I started my journey wanting to make a robot.  I started two intro to AI courses (one on Udacity, one on EdX) but I had to quit both.  The Udacity course breezed through the interesting and complicated content and gave you way too much starter code so I didn’t feel as if I was learning anything.  The EdX course was better, slower paced with in-depth proofs and projects where you had to write programs from scratch, but a little over halfway in I felt stuck.  While my code was outputting the correct answers, I didn’t feel like I understood the material.
I decided to take a step back and spent a week on an Intro to Algorithms course on coursera. That was super helpful for understanding the value of primitives and the importance of running time, but it also made me realize I needed stronger math skills.

Calculus or Linear Algebra?

I vacillated a while between taking calculus and linear algebra.  I started watching the highly recommended Gilbert Strang lectures for linear algebra but kept feeling like I was falling into old patterns.
I was dragging my heels on calculus.  I had already taken it twice (once in HS and once two years ago when I blazed through the Khan Academy Calculus series with the thought of placing into a higher level continuing ed math class.  I didn’t end up doing that since I got a new job and got busy :/).  I was also starting to feel discouraged about my progress.
Five months into my learning sabbatical and instead of becoming a programmer I was going back to HS math.  Bummer.
But this has been my downfall time and time again.  I try to skip ahead because I’m impatient, but later regret not taking the slow and steady route.
I’m happy to say I learned from my past mistakes and am taking the slow route, which means taking single variable calculus.
There’s a lot of rust for SURE and as the prof said in one lecture, the calculus is the easy part.

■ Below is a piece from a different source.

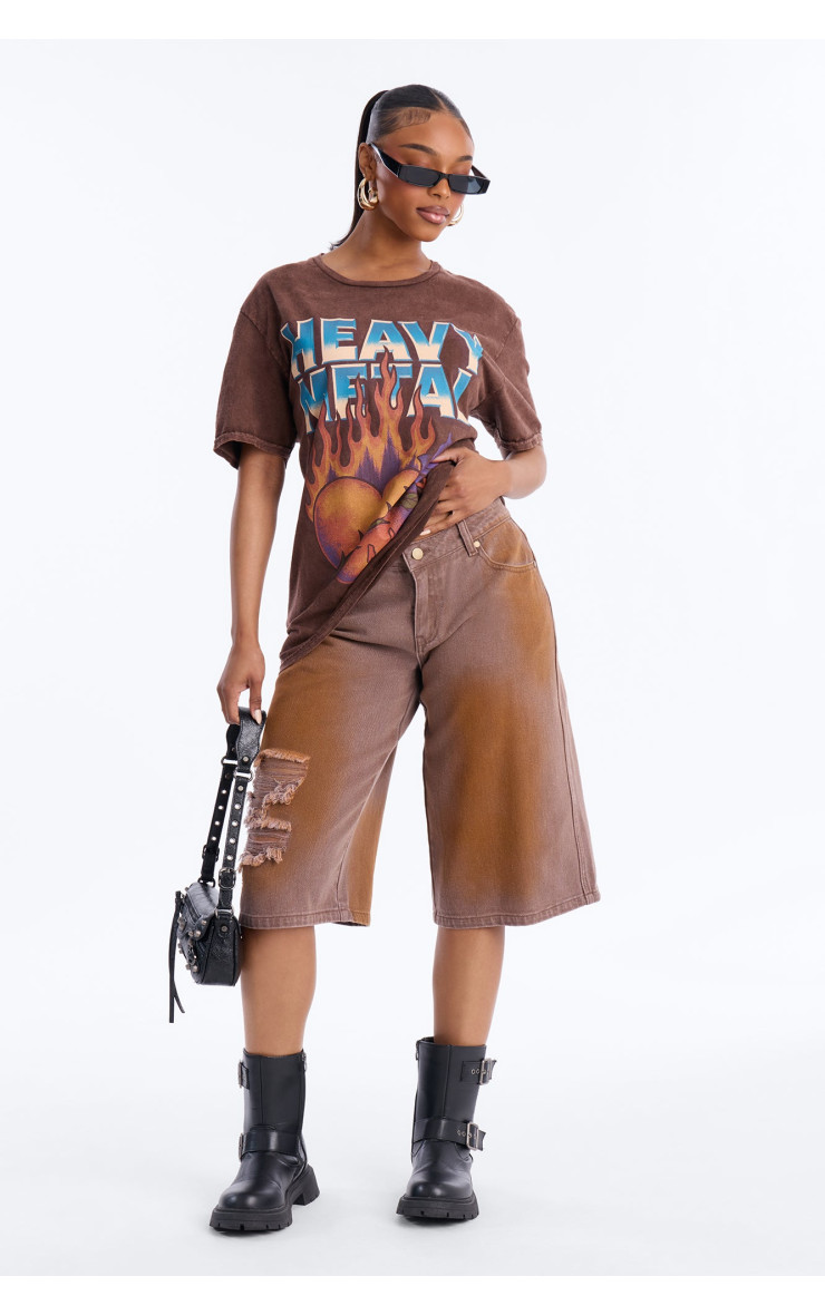 Виразіть свою пристрасть до важкої музики з цією футболкою "Heavy Metal Flaming Heart". Її яскравий принт та ефект прання додадуть вашому образу рок-н-рольного настрою. Виготовлена з м'якої бавовни, вона забезпечує комфорт. Ідеальний вибір для справжніх шанувальників року.

It’s all the geometry, trig, and algebra you need to do everything around the calculus that’s hard.

To binge or not to binge?

Today was my first full day of calculus.  I got through a few days of lectures and half of the first problem set.  I even caught an error in the homework solutions (and another one on the blackboard in the lecture…I emailed MIT to suggest a correction for that…we’ll see if they respond!) 🙂
I’m trying out binging to see how it goes.  I find it difficult as a full-time self learner to toggle between courses.  In school, you easily take 3-4 classes a semester.  The schedule is imposed on you from the outside.  With online lectures, I end up doing about a week’s worth of material in a day.  It just seems easier to click on to the next video than to stop and change gears to a different subject.
So I did 4 weeks of an algorithms course in ~4 days, and have finished 3 lectures worth of calculus in a day. If you think about it, it adds up.  The algorithms class suggested working 8-10 hrs a week (about a day’s work) and the MIT class is about the same.
So far I haven’t had any major stumbling blocks where I have to pound away at one problem set for 10+ hrs, but I’m sure those days will come and the 1week = 1day ratio will slip.
I’m also planning to experiment with different learning methods.  I’m concerned that binging will lead to poor retention.  I’ll finish the calculus class in two weeks, but then a month later if I try to do multivariable calculus I’m worried I’ll have forgotten everything.
One thought is to try binges by day instead of by course, e.g. Monday = calculus, Tuesday = algorithms, just to give a little time for things to sink in.
In any case, it’s all an experiment!  We’ll see where it goes!